Le long des rives, les demoiselles au vol lent et ouaté posaient
et reposaient sur les roseaux des touches éphémères,
grenat, vieil or, bleu électrique ou vert émeraude. Puis,
atterrissant tout de bon sur quelque roseau courbe, elles ouvraient
et refermaient précautionneusement leurs ailes en cellophane
de couleur.

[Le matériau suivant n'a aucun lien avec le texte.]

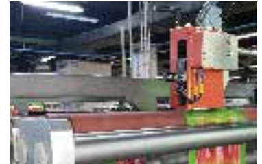
Hx Ultra on HFFS Line

Efficient coding, smarter savings. Upgrade to our bulk ink delivery system. Ideal solution for medium to high-volume production lines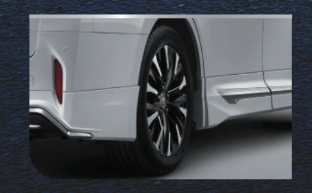
PERFECTION 19" ALLOY WHEEL ON THE ROAD

High-end alloy wheel design to strengthen the glamorous look on the road. (G & HEV Type)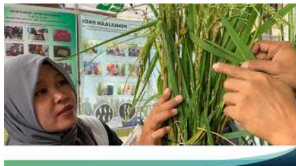
© Rural Youth Climate Action Movement (RYCAM) for Cool Farming - Silke Stöber - Research farmer from JAMTANI Pangandaran demonstrates at a fair in UNPAD how to breed rice varieties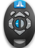
MMR-10W Wireless Remote Wireless, key-fob style remote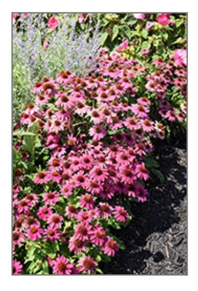
PowWow Wild Berry Coneflower in bloom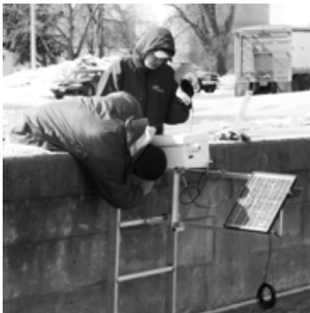
UCAP site install in Waterville, Spring 2009.

The goal of this project is to continue assessment of lakes and stream reaches in the Cannon River Watershed that need be assessed for impairments. This project collects water quality samples from 33 stream reaches and three lakes utilizing citizen stream volunteers and CRWP staff. A total of 430 water samples were collected with 2,430 corresponding water quality measurements recorded. Data collected from this project will be used by the MPCA as they develop the Impaired Waters 303(d) list. We anticipate a majority of the lakes and streams tested will be added to the list for excess nutrient and bacteria concentrations. In early January 2010, CRWP was notified that we will receive a third surface water assessment grant for 2010-2011 to continue surface water assessments in our watershed. I would like to thank all of our volunteers for their participation, we could not do this without you.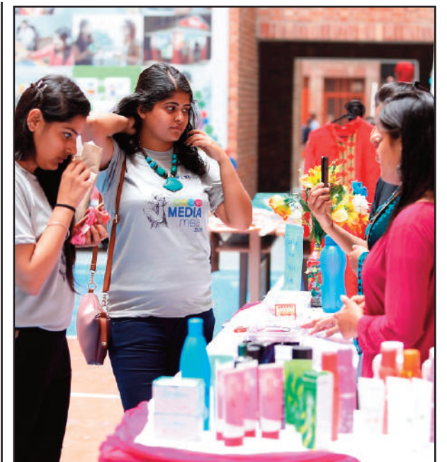
Students trying out products at the stalls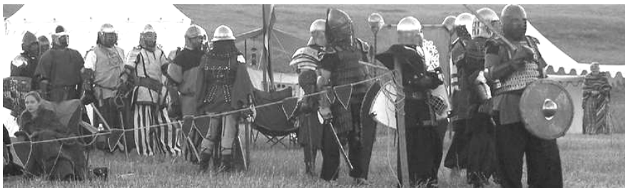
Queuing up for the tourney at Quad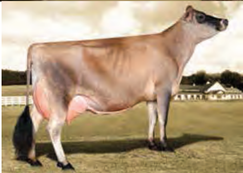
CRAZE's dam, second lactation photo, milking over 80lbs a day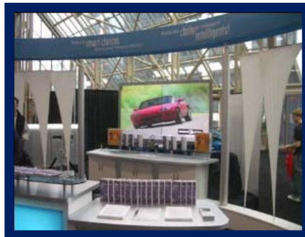
70" Outdoor LCD TV/Monitor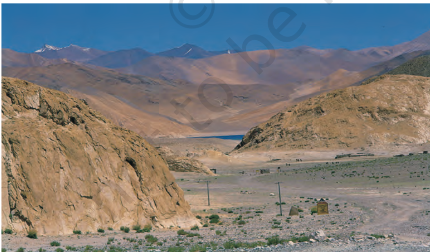
The dry barren landscape of the mountainous desert of Ladakh.

Ladakh is a desert in the mountains in the east of Jammu and Kashmir. Very little agriculture is possible here since this region does not receive any rain and is covered in snow for a large part of the year. There are very few trees that can grow in the region. For drinking water, people depend on the melting snow during the summer months.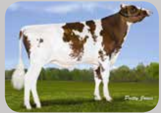
Gen-I-Beq AKYOL Red Brekem x Alchemy

Combining extreme LPI (3246) and Pro$ (2489) and solid Type (+12). Dam is a full sister to Airintake, a Genomax sire we promoted in 2014. Aptitude is our highest rated Immunity+ sire and a slightly different pedigree too.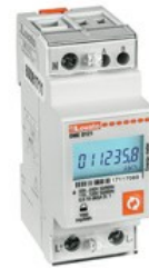
Single-phase energy meters DMED121 single-phase 2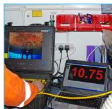
SURFACE DISPLAY OF MEASUREMENTS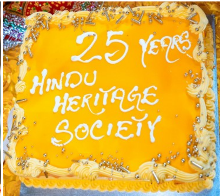
HHS Committee members are cutting the cake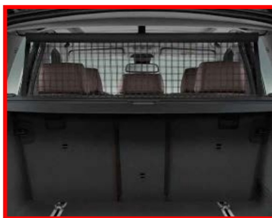
Not available on X4: Luggage compartment separating net.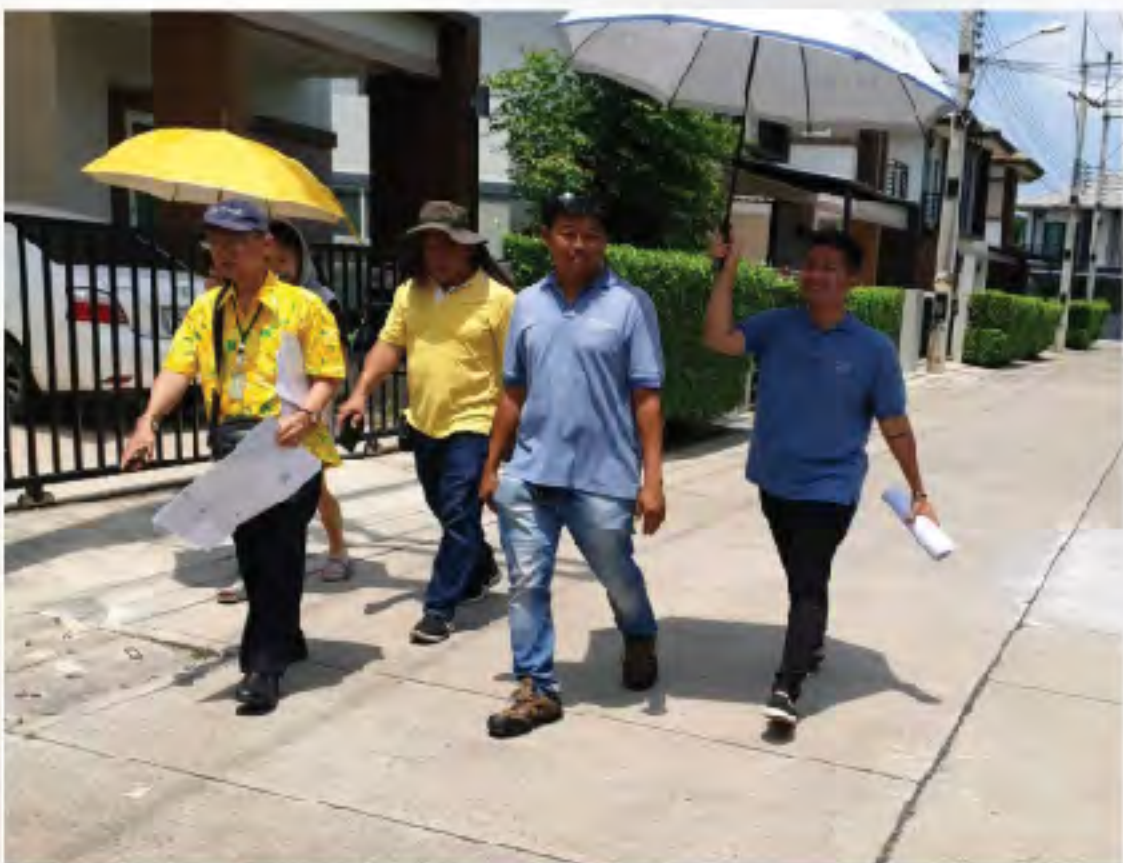
PUBLIC FACILITIES INSPECTION BEFORE THE HANDOVER, ENSURES THAT EVERY PROJECT AND CONSTRUCTION IS STANDARDIZED.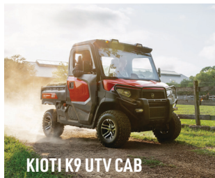
KIOTI K9 UTV CAB

NEW MX SERIES EXCAVATORS ORDER YOURS TODAY!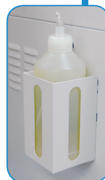
AutoOiler - Automatically pumps oil onto cutting blades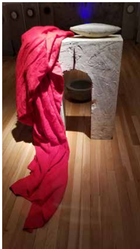
Sacrificial Arch cement casting with steel hook, seed form cement casting, and red fabric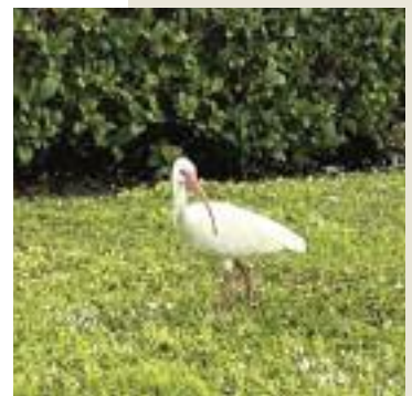
An ibis at Starbucks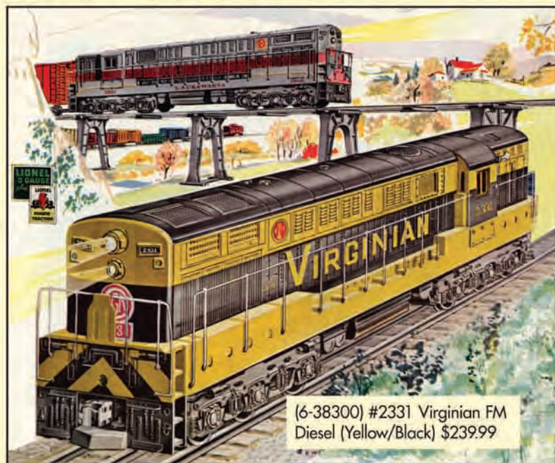
(6-38300) #2331 Virginian FM Diesel (Yellow/Black) $239.99

Also available for separate-sale! The Virginian FM in stunning yellow and black. This locomotive is equipped with the same great features as the Lackawanna FM in the Thunderbird set.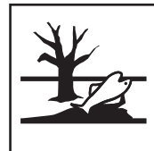
5 Dangerous for the environment

De temps à autre un flirt s'esquissait. Le mâle
papillonnait, faisait du sur-place à côté de sa
belle, puis des couples se formaient parmi les carex : et les corps
minces dessinaient d'étranges entrelacs. Parfois, de super-libellules
à réaction, sous la forme de grosses AEschnes bleues,
ou d'Ajax, venaient inspecter en trombe les limites de leur réserve,
se heurtaient en plein vol avec fracas, puis après quelques passes
d'armes grésillantes fonçaient vers d'autres azimuts.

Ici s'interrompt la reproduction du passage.